Only the lines below from the one with "На территории курортного" through the one with "Choose fake flowers" are to be written out, exactly and without any images.

- Data shown

——

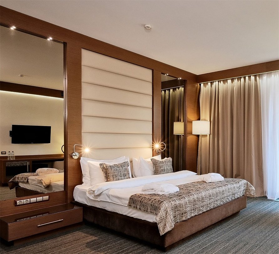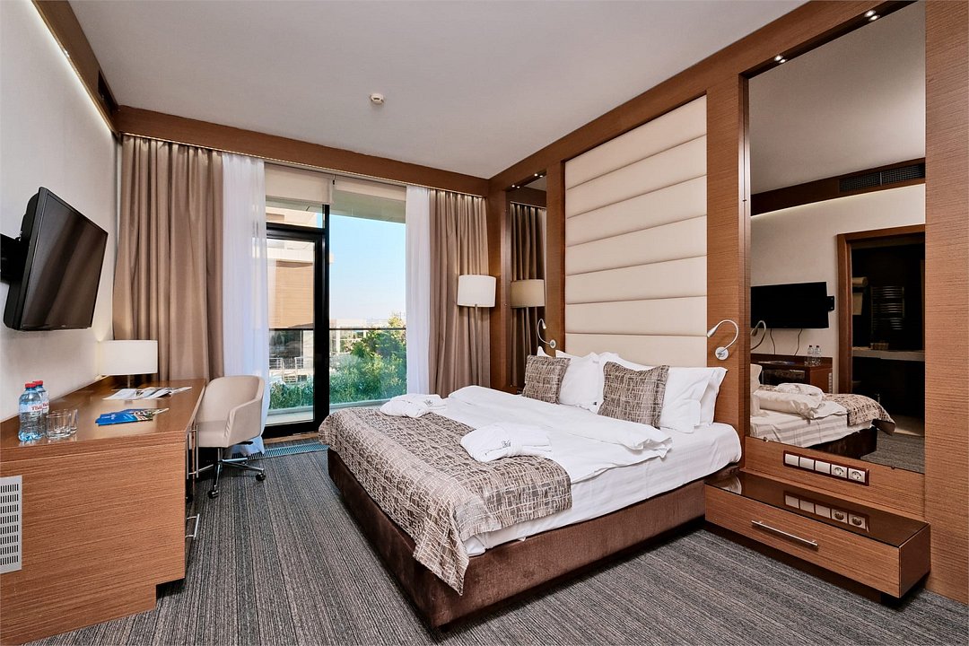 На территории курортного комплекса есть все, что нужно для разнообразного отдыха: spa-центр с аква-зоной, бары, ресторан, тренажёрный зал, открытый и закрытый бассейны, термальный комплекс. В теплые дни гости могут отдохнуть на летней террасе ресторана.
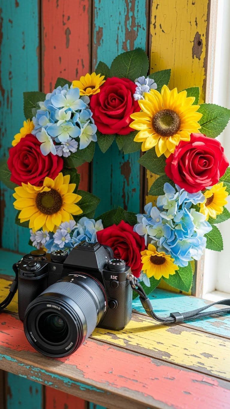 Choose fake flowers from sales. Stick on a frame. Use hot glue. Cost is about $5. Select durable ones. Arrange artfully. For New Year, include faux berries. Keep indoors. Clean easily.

——

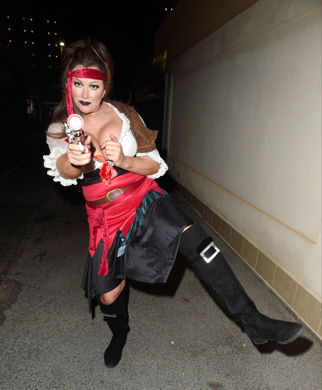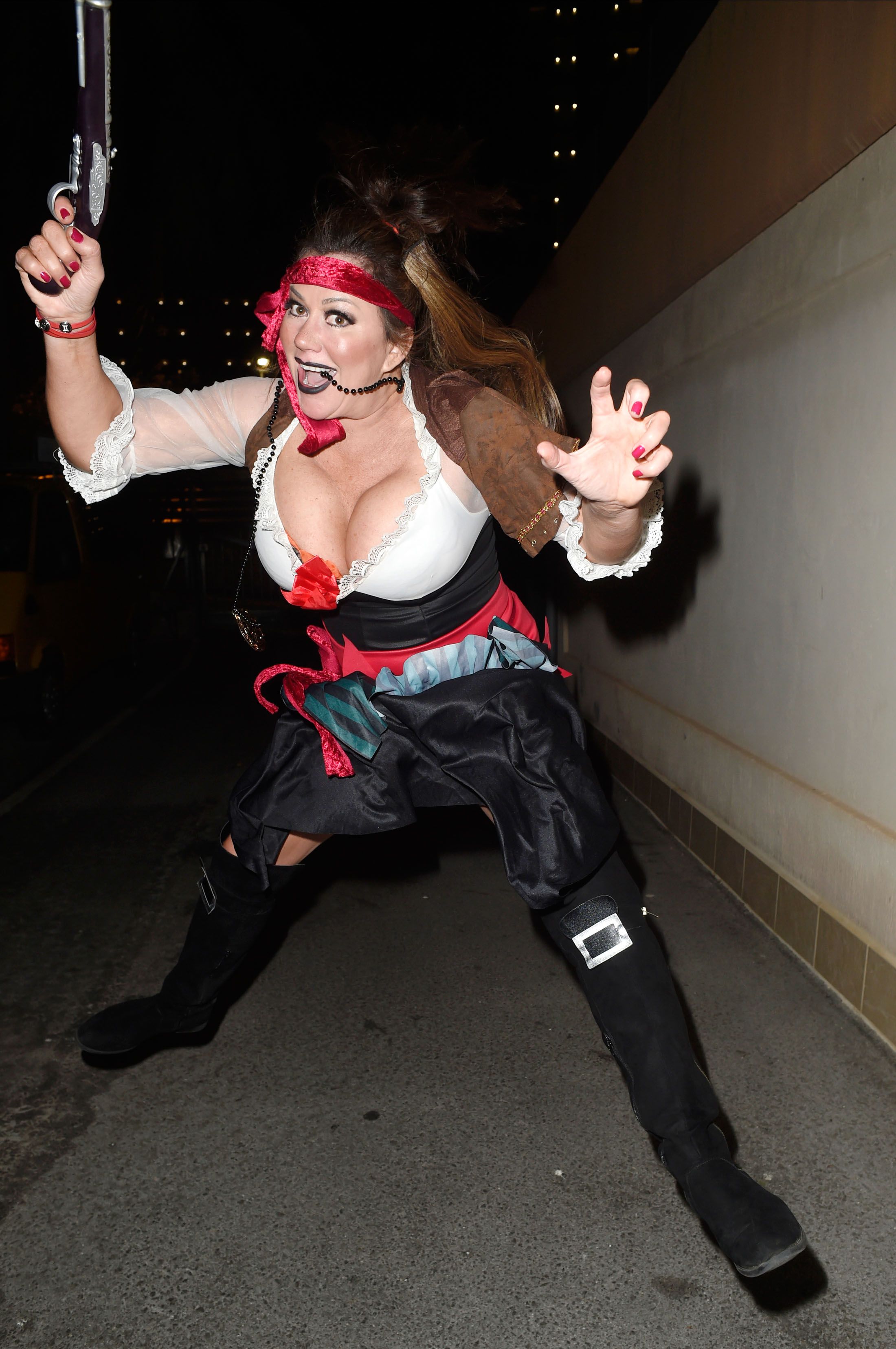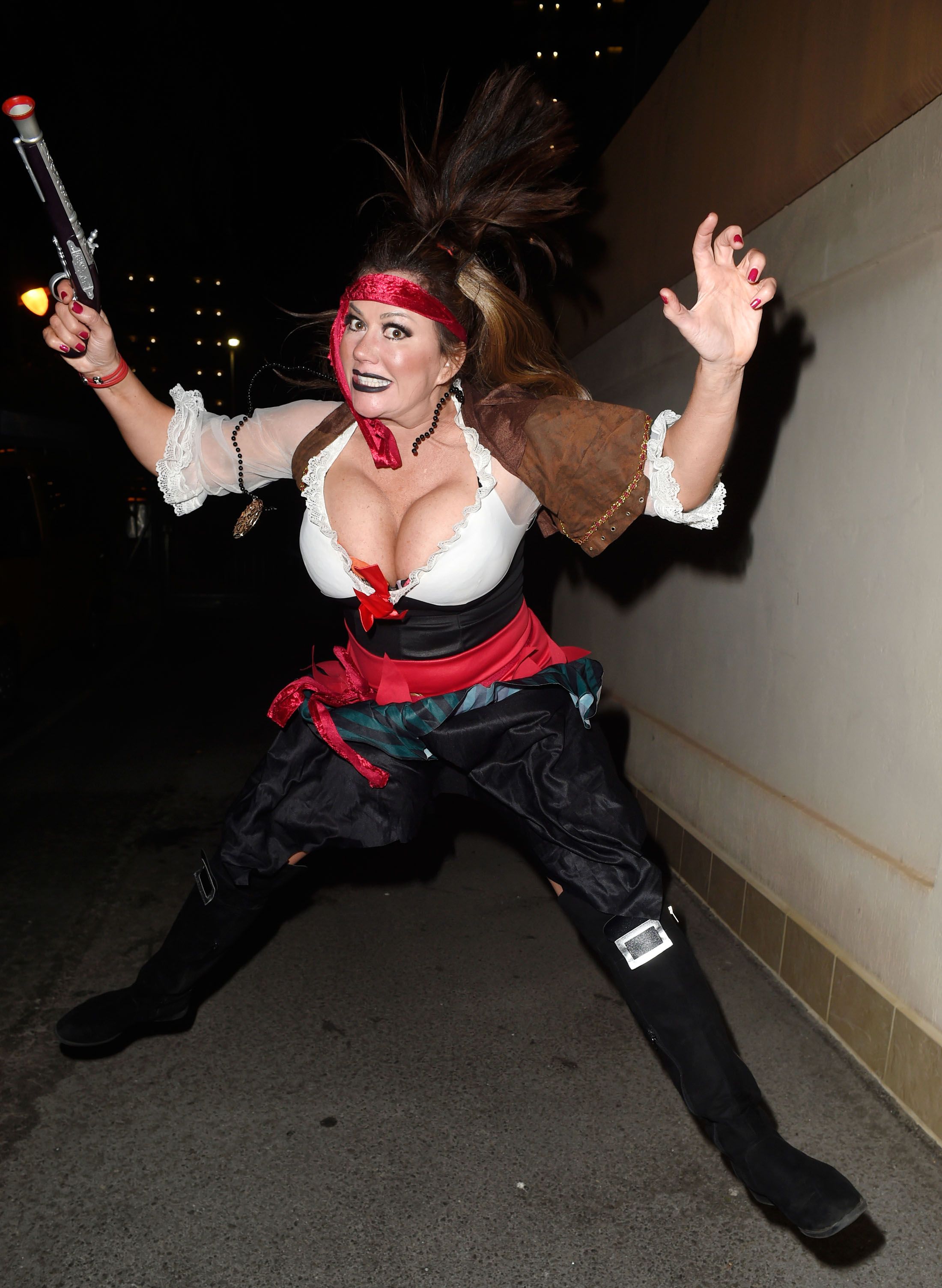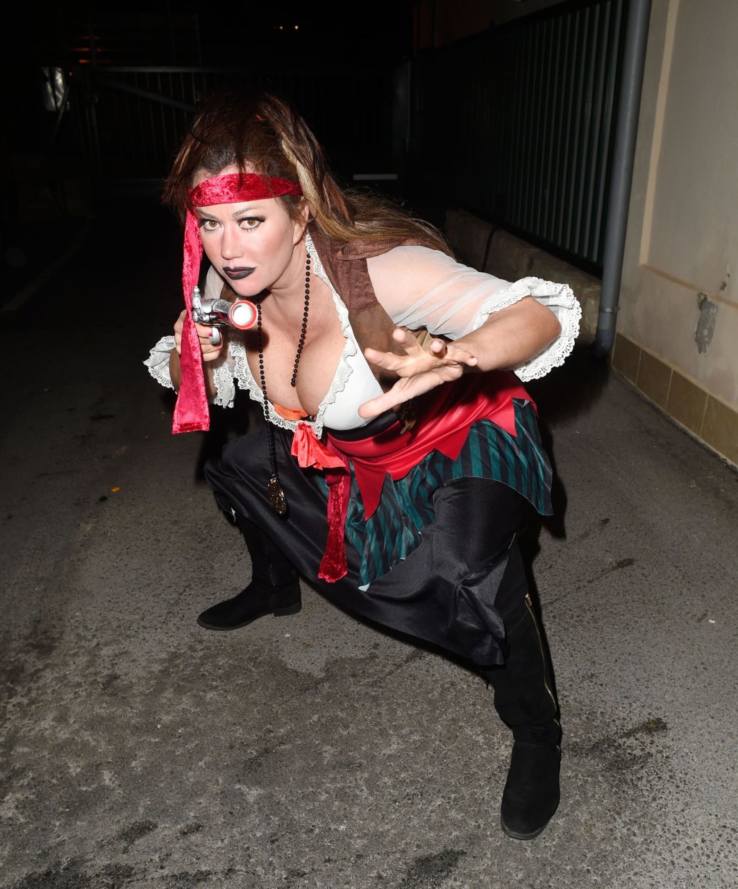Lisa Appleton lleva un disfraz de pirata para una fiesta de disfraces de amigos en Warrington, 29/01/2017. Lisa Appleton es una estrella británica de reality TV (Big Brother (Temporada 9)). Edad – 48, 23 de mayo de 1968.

——

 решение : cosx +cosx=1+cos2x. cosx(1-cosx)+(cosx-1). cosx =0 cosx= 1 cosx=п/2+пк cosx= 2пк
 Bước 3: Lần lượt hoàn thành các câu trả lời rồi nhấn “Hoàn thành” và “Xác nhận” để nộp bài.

——

- Written answer
 На территории курортного комплекса есть все, что нужно для разнообразного отдыха: spa-центр с аква-зоной, бары, ресторан, тренажёрный зал, открытый и закрытый бассейны, термальный комплекс. В теплые дни гости могут отдохнуть на летней террасе ресторана.
 Choose fake flowers from sales. Stick on a frame. Use hot glue. Cost is about $5. Select durable ones. Arrange artfully. For New Year, include faux berries. Keep indoors. Clean easily.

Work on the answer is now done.